# South Africa Game Lodges



## mulgrew1 (Jan 20, 2007)

What game lodge would you recommend?  Also, any feedback from Victoria Falls lodges would be appreciated.  Thanks, Pat


----------



## mulgrew1 (Jan 24, 2007)

*Game Lodges in South Africa*

I truly would appreciate feedback on these resorts...anyone been there? Thanks, Pat


----------



## tedk (Jan 24, 2007)

I have been by the resort but not stayed there.

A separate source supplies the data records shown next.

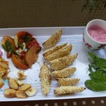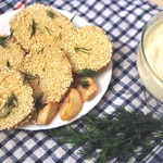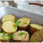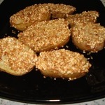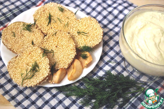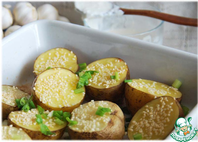 Молодой картофель, запеченный с чесноком и кунжутом со сметанным соусом. Поверьте, это очень вкусно! Рекомендую!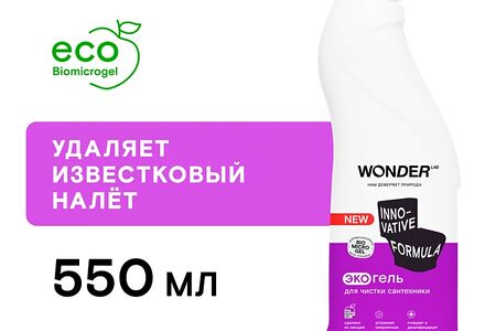Гель для чистки сантехники Wonder Lab для ванных и санузлов 750мл – инновационный, экологически чистый гель, предназначенный для очищения ванн, раковин, унитазов. Производится на основе инновационного компонента Biomicrogel из свекольного жмыха, яблочного жома и кукурузы. Благодаря густой консистенции постепенно распространяется по всей поверхности, эффективно устраняя ржавчину, известковый налет, мыльные разводы и прочие загрязнения. Деликатно воздействует на керамику, нейтрализует неприятные запахи, не оставляет следов и царапин, полностью смывается водой. Не содержит хлора. Не подходит для акриловых ванн. Wonder Lab – это принципиально новые, 100% биоразлагаемые моющие средства, которые абсолютно безопасны для людей, домашних животных и окружающей среды.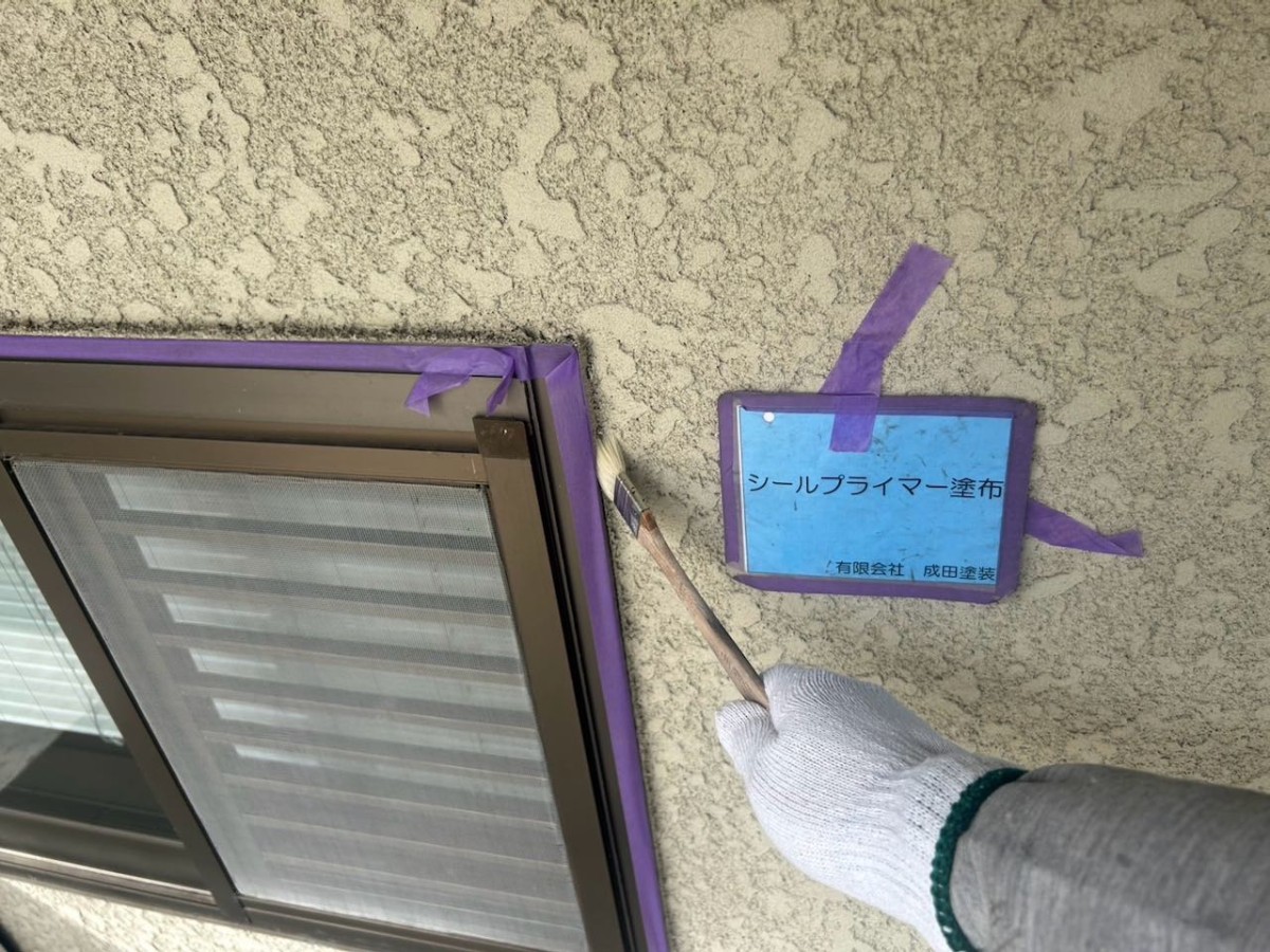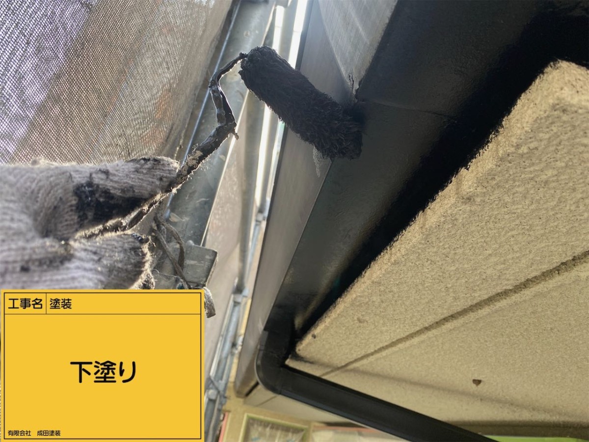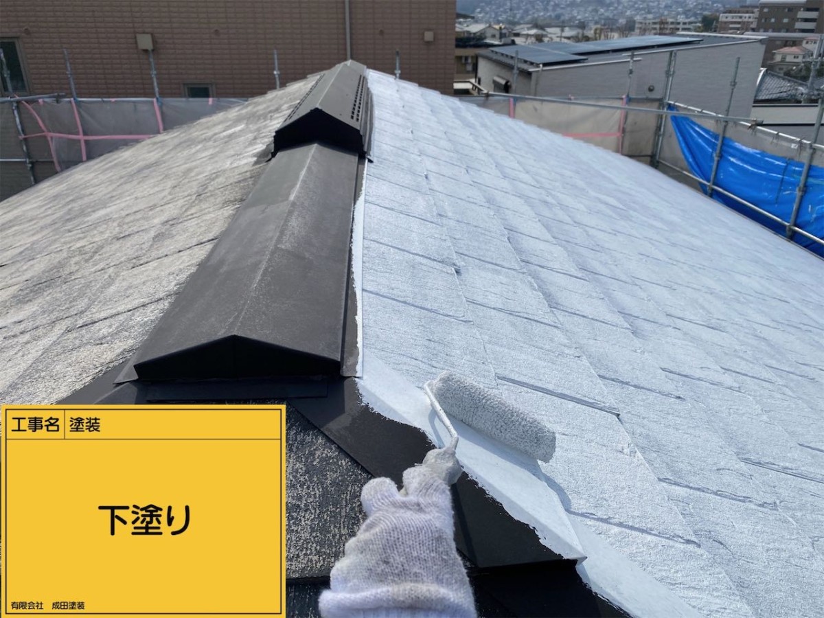屋根の下塗りは屋根専用の高反射プライマーを塗装して断熱ガイナを3回塗り。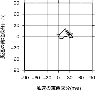表中のMUCAPE850hPaは、最不安定CAPE(地上~850hPa高度間で)を示す。 気温、露点の鉛直分布(エマグラム)輪島 2001年06月19日09時(高層気象観測データを使用)![]() 赤線は、地表付近の空気塊を仮想的に上昇させたときの空気塊の温度の変化を示す。 湿球温位、温位、相当温位、飽和相当温位の鉛直分布輪島 2001年06月19日09時(高層気象観測データを使用)![]() 風のホドグラフ(広域)輪島 2001年06月19日09時(高層気象観測データを使用)![]() 風のホドグラフ(拡大)輪島 2001年06月19日09時(高層気象観測データを使用)![]() |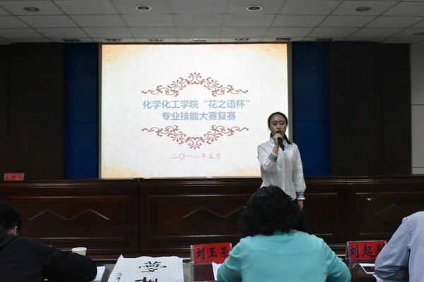 5月1日晚,化学化工学院举办的“花之语”杯专业技能大赛复赛于化学北楼五楼会议室进行,院党委副书记李朝阳受邀观赛。担任本次复赛评委的有:院团委书记卢鑫,化学化工学院教育研究所所长刘玉荣,各年级专兼职辅导员。复赛内容分为粉笔字展示、才艺展示和即兴演讲三部分。 本次“花之语”杯专业技能大赛复赛不仅能够让同学们有机会展示自己的特长,而且有助于提高他们的应变能力,为日后走上工作岗位打下坚实基础。 (化学化工学院 李依朦 王瑄)
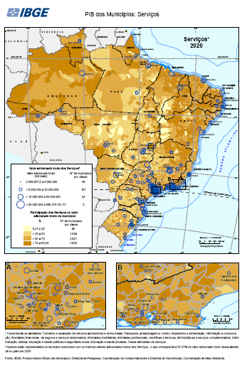"Conjunto de Mapas exibindo a o valor bruto e a participação dos demais serviços no valor adicionado bruto municipal Estatísticas macroeconômicas. Dados por município. Período de referência 01/01/2019 a 31/12/2019.Compreende as atividades Transporte, armazenagem e correio; Alojamento e alimentação; Informação e comunicação; Atividades financeiras, de seguros e serviços relacionados; Atividades imobiliárias; Atividades profissionais, científicas e técnicas, administrativas e serviços complementares; Educação e saúde privadas e Outras atividades de serviços. Contas Nacionais Periodicidade anual IBGE, Produto Interno Bruto dos Municípios. Diretoria de Pesquisas, Coordenação de Contas Nacionais e Diretoria de Geociências, Coordenação de Geografia. IBGE, Malha Municipal 2018"
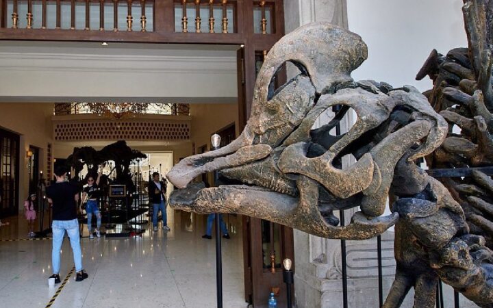 La puesta montada en el Complejo Cultural Los Pinos, en colaboración con el MUDE, ha trasladado a la antigua residencia presidencial a la prehistoria, a través de una colección que resalta el trabajo de la paleontología mexicana.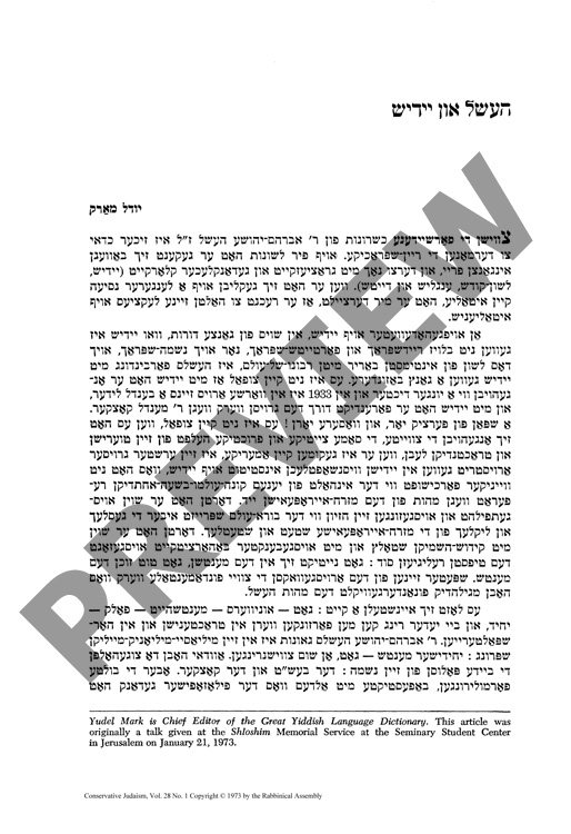 By Yudel Mark for CJ vol. 28 no. 1, Fall 1973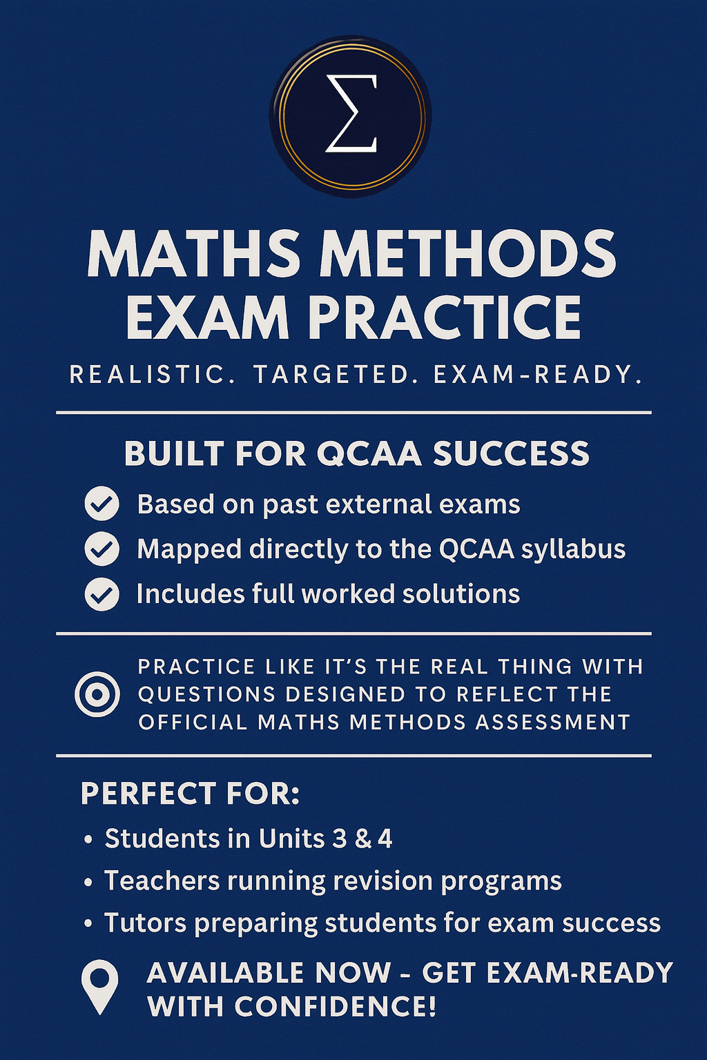 Categories: All Maths Methods Tutoring Index Laws Revision Sheets Tests All | Maths Methods | Tutoring | Index Laws | Revision Sheets | Tests | Maths Methods Practice External Exam 1 Bundle $2.99 Maths Methods Tutoring $75.00 Index Law Test with Video Solutions Sale Price: $9.99 Original Price: $24.99 Sale

Because of political situation i would not go back to Zimbabwe.


----------



## jimbosee (Jan 26, 2007)

*South Africa game lodges.*

Mulgrew1,
               jimbosee here from Australia,if you go to Trip Advisor and the go to the forum pages,you can go to area forums and get some good advice.The world is such a big place and unfortunatly,we do not get to every where we want to go.Best of luck.Regards Jim Seedsman 

                  jimbosee


----------



## prasadv1 (Jan 28, 2007)

mabula game lodge is good . It is a rci gold crown. 
They got all animals except cheetahs and leopards.


----------



## mulgrew1 (Feb 19, 2007)

thanks to those who provided feedback.  We booked Protea at Kruger Park Gate for a week.


----------